🤖 AI Summary
This study investigates whether large language models (LLMs), specifically ChatGPT, exhibit gender or racial bias in the automated coding of collaborative communication data. Method: Drawing on three canonical collaborative tasks—negotiation, problem solving, and decision making—we develop a human-annotated, rule-based multimodal coding framework and conduct the first systematic fairness evaluation of ChatGPT’s coding performance across multiple collaborative tasks. Contribution/Results: Experimental results show no statistically significant bias along gender or racial dimensions (p > 0.05); ChatGPT’s coding accuracy is not significantly different from human annotators (Δ < 2.1%, p = 0.12).
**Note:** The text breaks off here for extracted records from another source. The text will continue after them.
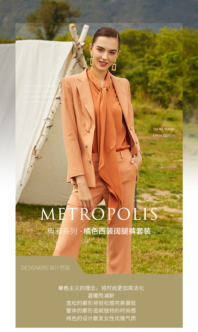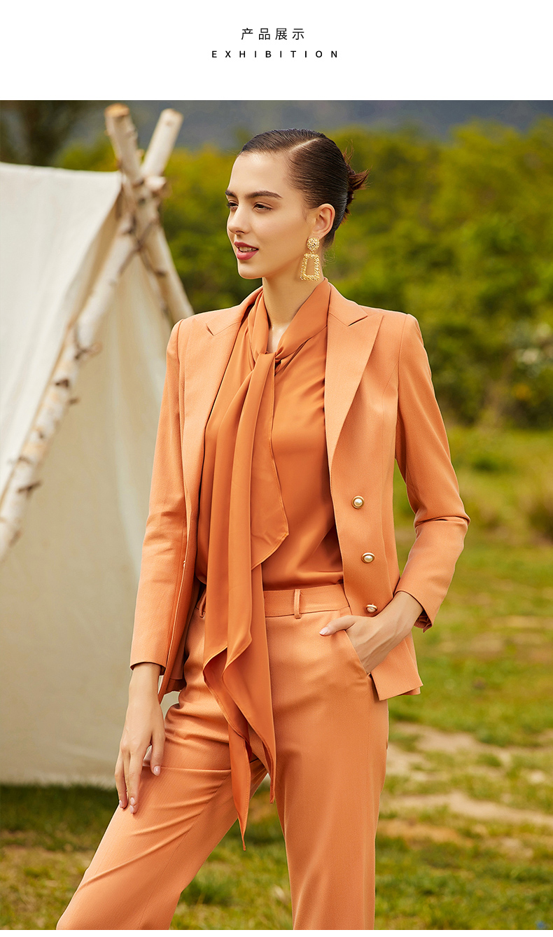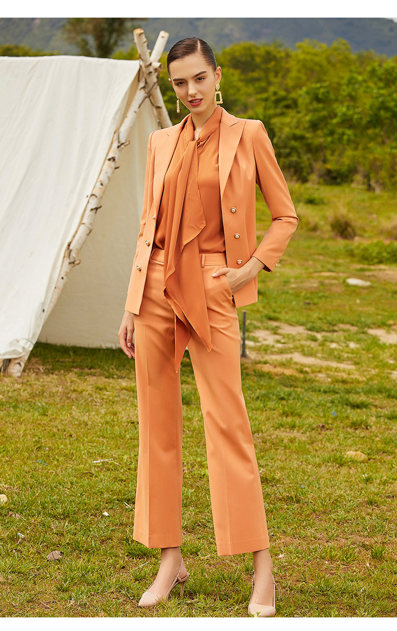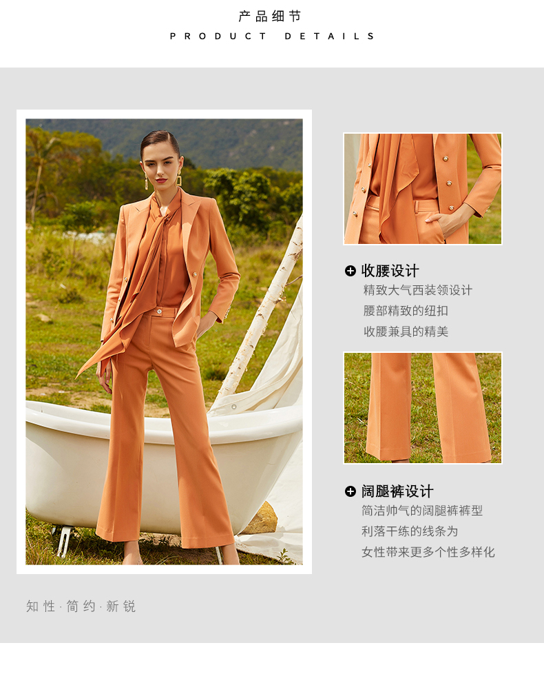 IWY/橘色长袖西装阔腿长裤套装203026C1+P3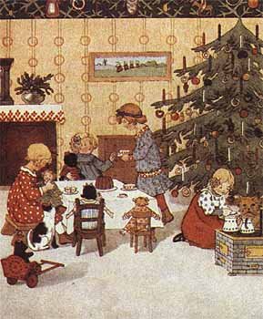 Azt díszítettük. Létrára kapaszkodva aggattuk rá a szokásos miegymást, még a legnehezebben elérhető ágvégre is csíptettünk gyertyatartót. Aztán nagy szakajtóvékában hordtuk be az iskolás gyerekeknek szánt ajándékot. Mindenkinek jutott meleg ruha, vastag kesztyű, játékszer meg irdatlan nagy dióskalács. Az asztalokon szép sorjába teregettük a fényes papírba takart csomagokat. Mindegyikre gondosan készült névcédulát tűztünk…”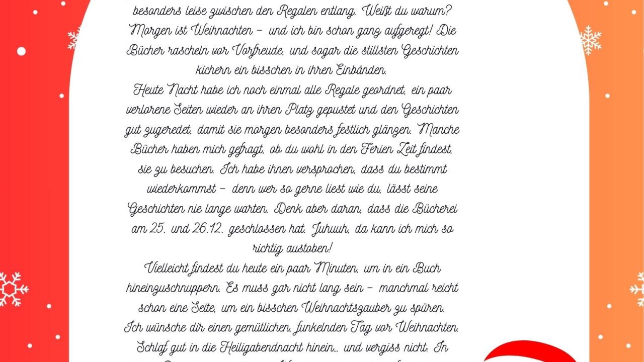 Bücherei Roitham Dezember, 2025 Wieder ein Brief vom Büchereiwichtel Büch-jamin freut sich schon auf Weihnachten. Er hat euch Wichtel-Lesezeichen in der Bücherei hinterlegt.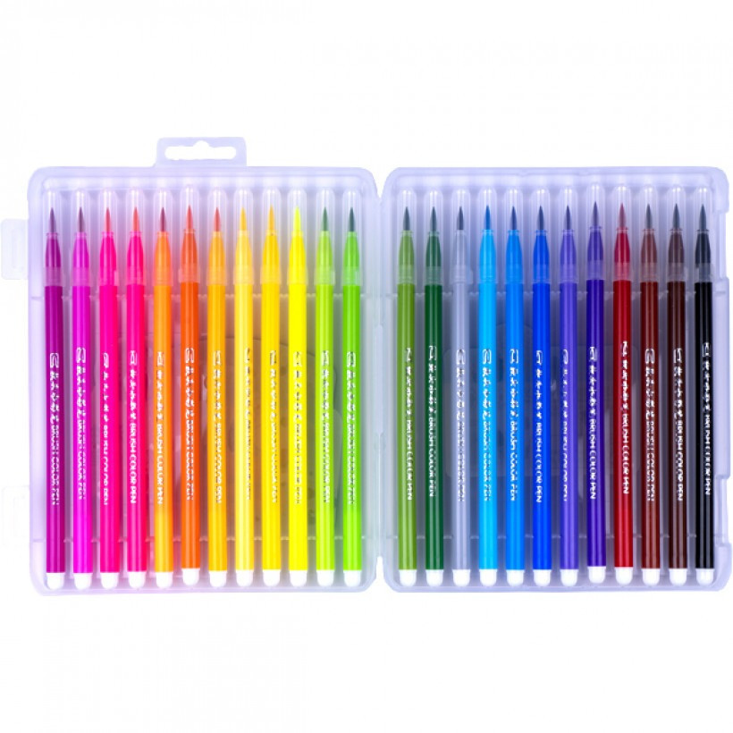 Фломастер -кисточка 24 цвета. Пишущий узел в форме кисточки позволяет наносить линии от 1 мм до 4 мм. Яркие насыщенные цвета. Чернила на водной основе.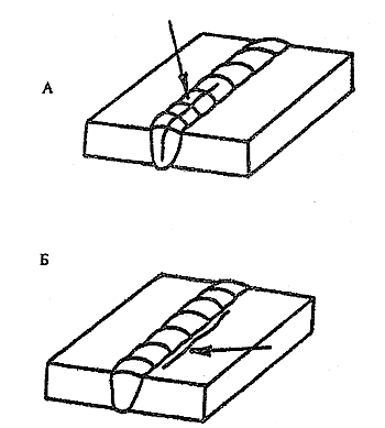 Рис. 122 Трещины в сварном шве и околошовной зоне: А-продольная горячая трещина; Б-холодная трещина в околошовной зоне.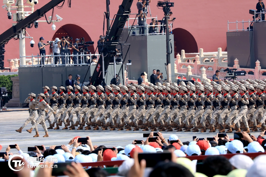 地面突擊方隊(duì)接受檢閱。(中國臺灣網(wǎng)記者 尹賽楠 攝)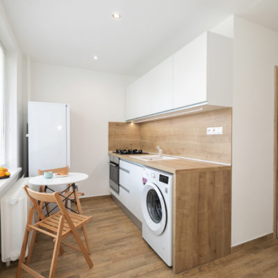 Tento skvelý 1 izbový byt (27m2) prešiel kompletnou rekonštrukciou a ponúkame ho zariadený a vybavený. Byt má perfektnú polohu, bezproblémové parkovanie, výťah ktorý Vás vyvezie na 4.poschodie, pivnicu a dostatok slnka ktoré si vychutnáte na balkóne alebo logii. Nízke mesačné náklady Vás milo prekvapia. Jedinečná príležitosť pre Vás, ktorí hľadáte super investíciu alebo svoje prvé bývanie. Všetko, čo potrebujete k spokojnému životu máte po ruke.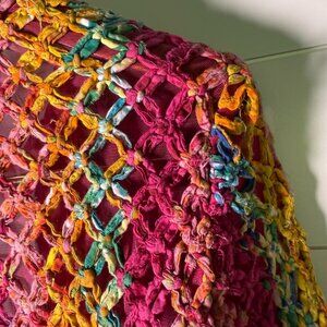 Sandy Starkman Sz L Funky Maximalist Colorful Y2K Woven Ribbon Textile Jacket
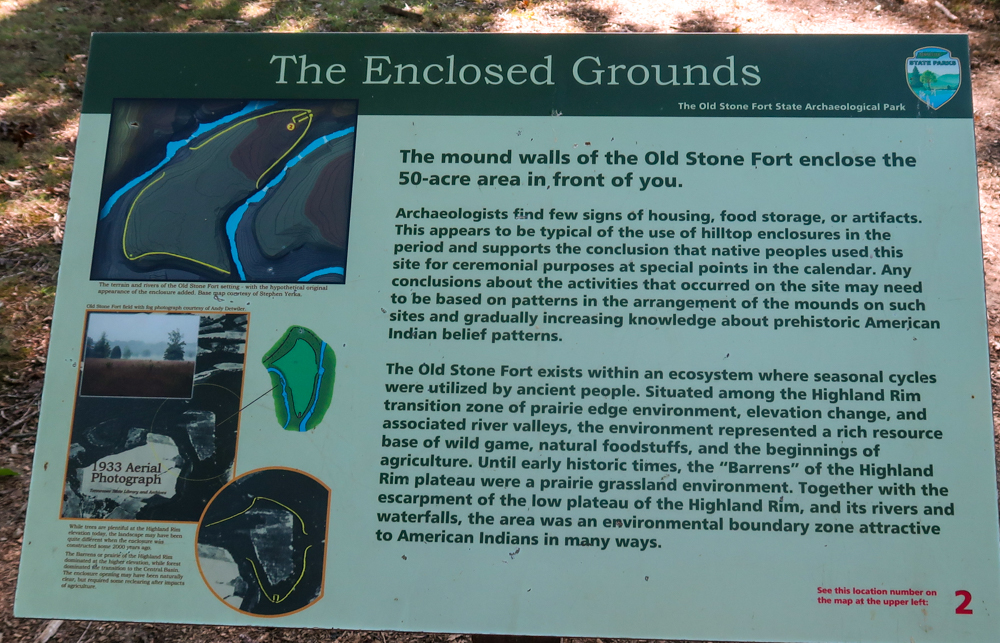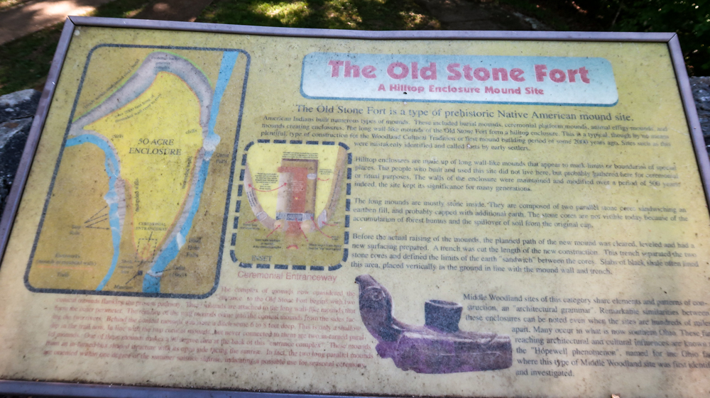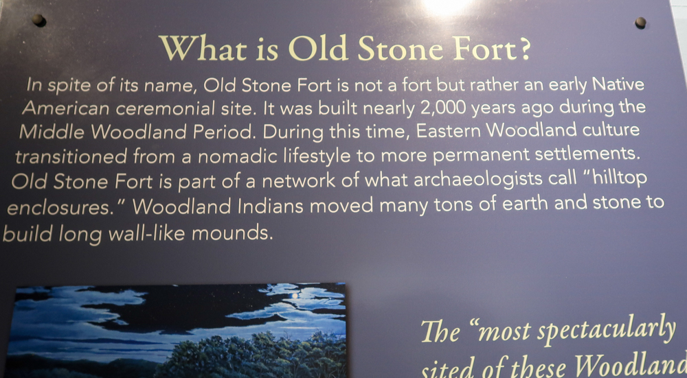 The Old Stone Fort was built during the Middle Woodland Period, 1,500-2,000 years ago. Native Americans used the area continuously for about 500 years, eventually leaving it abandoned. By the time European settlers arrived, it was unclear of what the area had been used for which resulted in it being misnamed as a fort. In 1966, the state of Tennessee purchased 400 acres of the Chumbley estate as the core of what is now Old Stone Fort State Archaeological Park.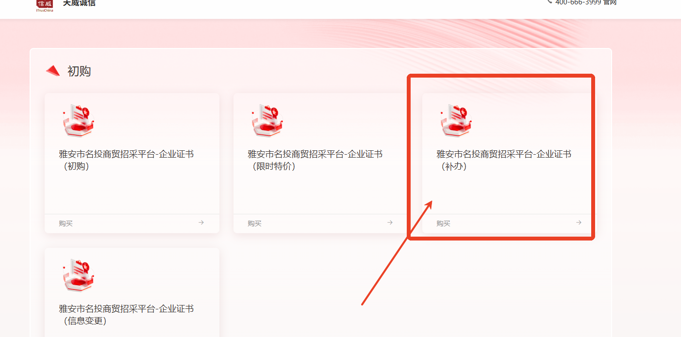 感谢您购买天威诚信公司雅安名投商贸数字证书。请您按照下方指引完成在线订单提交和付款。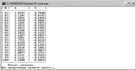 dx=6,28/99 т.к. 99 шагов между точками таблицы. Пример выполнения программы выглядит так: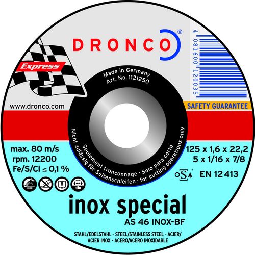 The special line for craftsmen and industrial applications. Due to the fact that different materials impose different demands, DRONCO produces discs especially matching the respective material. Special types of corundum and bonds are combined to suit the task in hand. This optimises performance, extends service life, increases efficiency and reduces cutting time. Manufactured according to EN 12413. Complies to oSa regulations.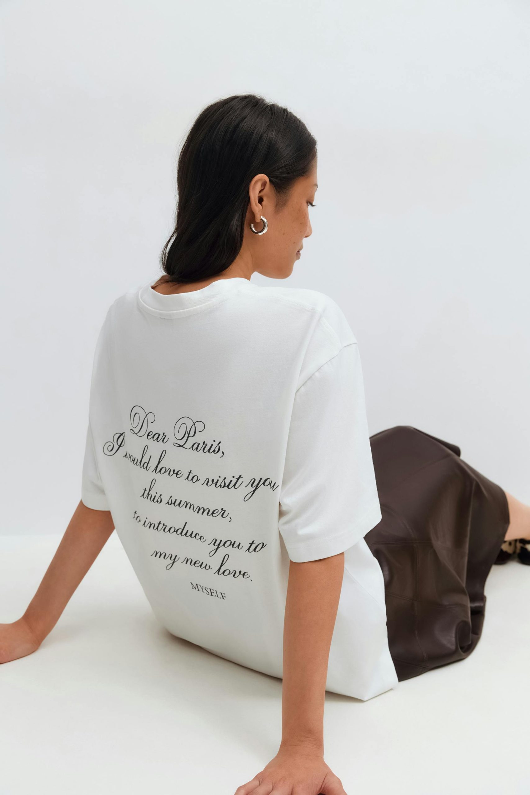Oversized t-shirt van katoen met print op het achterpand en op de borst. Het t-shirt is wit en heeft korte mouw. Het heeft ronde halslijn met ribbels. Print: Dinner in Paris.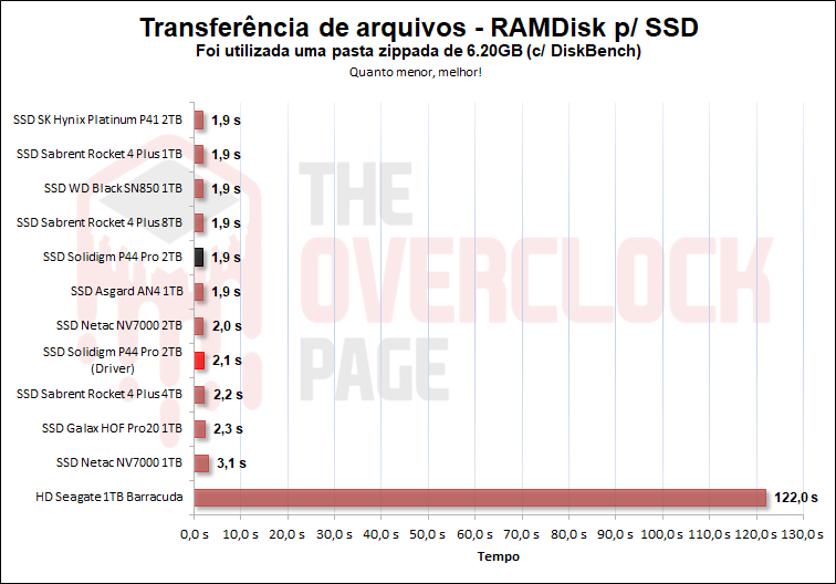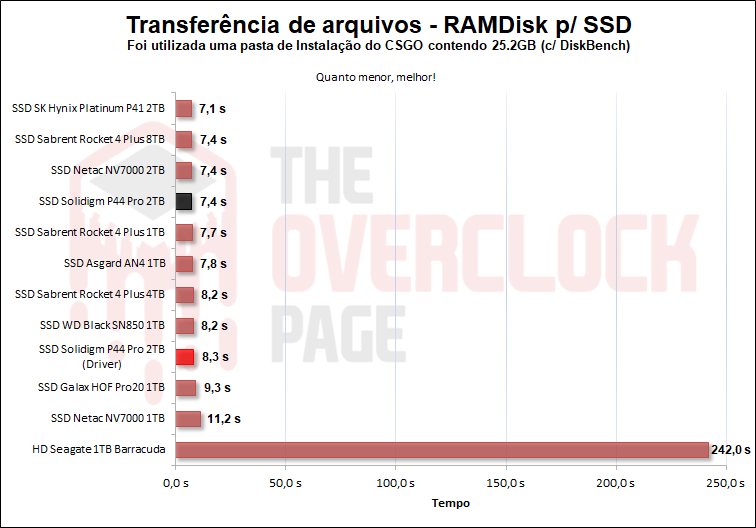 Já ao utilizarmos a pasta do CSGO sendo muito maior, vemos que a diferente entre os SSDs aumentaram e o Solidigm novamente ficou com um empate técnico com o Rocket 4 Plus de 8TB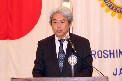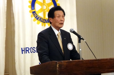 河野 隆会長が米国へ出張のため黒瀬副会長が会長時間を務めた。本日の卓話は新会員卓話(神田栄治君)が担当した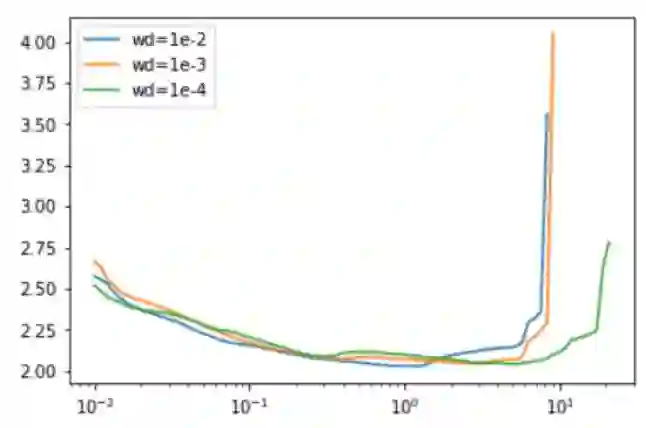 可以利用这个性质来设置一些超参数,如去做那种衰减率:Leslie 建议,可以在几组权重衰减率上运行 Learning Rate Finder,在能够接受使用高最大学习率进行训练的结果中,选择最大的一个。我们实验中选择的是 10^-4。
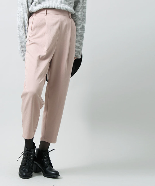 ウエストにタックを施したパンツ。シンプルなデザインで、幅広いコーディネートに合わせて頂けます。 太腿周りに程よい緩さを持たせたテーパードシルエットで、足元をスッキリと見せてくれます。今季人気のハイウエスト仕様で、トップスをインした際にウエスト周りのシルエットが綺麗に見えるひと品。バックウエストはゴム仕様なので、リラックスして快適に着用頂けるのも嬉しいポイント。 今季はベレー帽やチョーカーなど、小物で遊びを効かせたコーディネートもオススメです。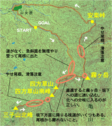 (安楽峠←→四方草山←→三子山北峰のルートをとったとして)6時間。距離は短いのですが、道が悪く岩場とヤブが連続するため時間がかかります。 ※あくまでしじみ(男・20代後半、歩行速度は少し遅め)の歩行時間なので、ご参考程度に・・ |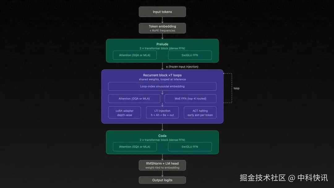 此次开源的核心技术是带有混合专家(MoE)路由机制的循环深度Transformer(RDT)。与传统大模型不同,RDT采用了一种更加高效的设计思路——同一组权重最多反复运行16遍,但每次激活的是不同的专家路径。这意味着它可以在不增加参数量的情况下,实现更强的模型表达能力。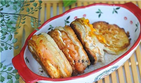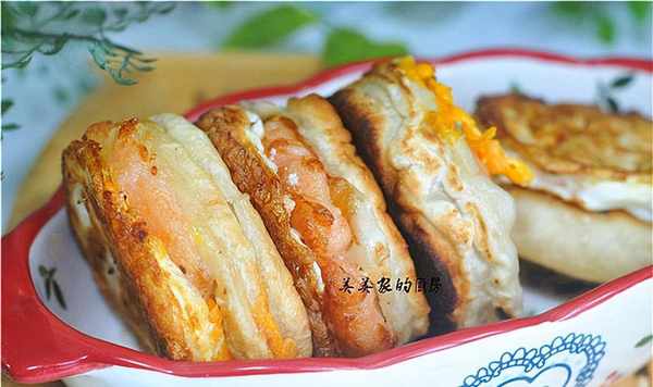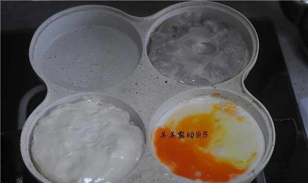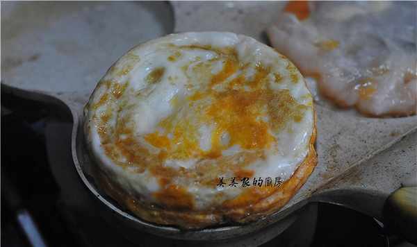 放在抹了油的煎蛋锅里,同时在其他锅里煎鸡蛋和虾饼,剩下的锅里放少许水,防止烧干。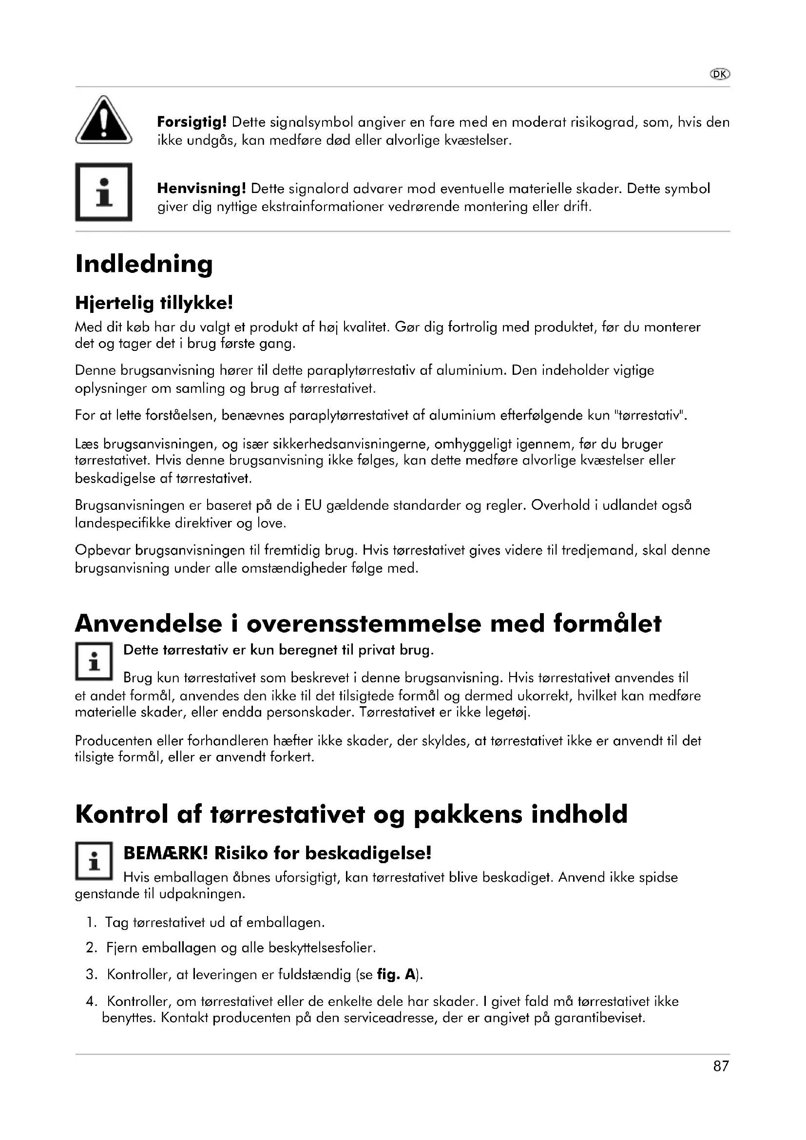 Dette tørrestativ er kun beregnet til privat brug. Brug kun tørrestativet som beskrevet i denne brugsanvisning. Hvis tørrestativet anvendes til et andet formål, anvendes den ikke til det tilsigtede formål og dermed ukorrekt, hvilket kan medføre materielle skader, eller endda personskader. Tørrestativet er ikke legetøj. Producenten eller forhandleren hæfter ikke skader, der skyldes, at tørrestativet ikke er anvendt til det tilsigte formål, eller er anvendt forkert. Kontrol af tørrestativet og pakkens indhold

This work fills a critical empirical gap in fairness research on LLMs for collaborative assessment and demonstrates ChatGPT’s reliability and scalability for high-throughput, large-scale measurement of collaborative competence.
📝 Abstract
Assessing communication and collaboration at scale depends on a labor intensive task of coding communication data into categories according to different frameworks. Prior research has established that ChatGPT can be directly instructed with coding rubrics to code the communication data and achieves accuracy comparable to human raters. However, whether the coding from ChatGPT or similar AI technology exhibits bias against different demographic groups, such as gender and race, remains unclear. To fill this gap, this paper investigates ChatGPT-based automated coding of communication data using a typical coding framework for collaborative problem solving, examining differences across gender and racial groups. The analysis draws on data from three types of collaborative tasks: negotiation, problem solving, and decision making. Our results show that ChatGPT-based coding exhibits no significant bias across gender and racial groups, paving the road for its adoption in large-scale assessment of collaboration and communication.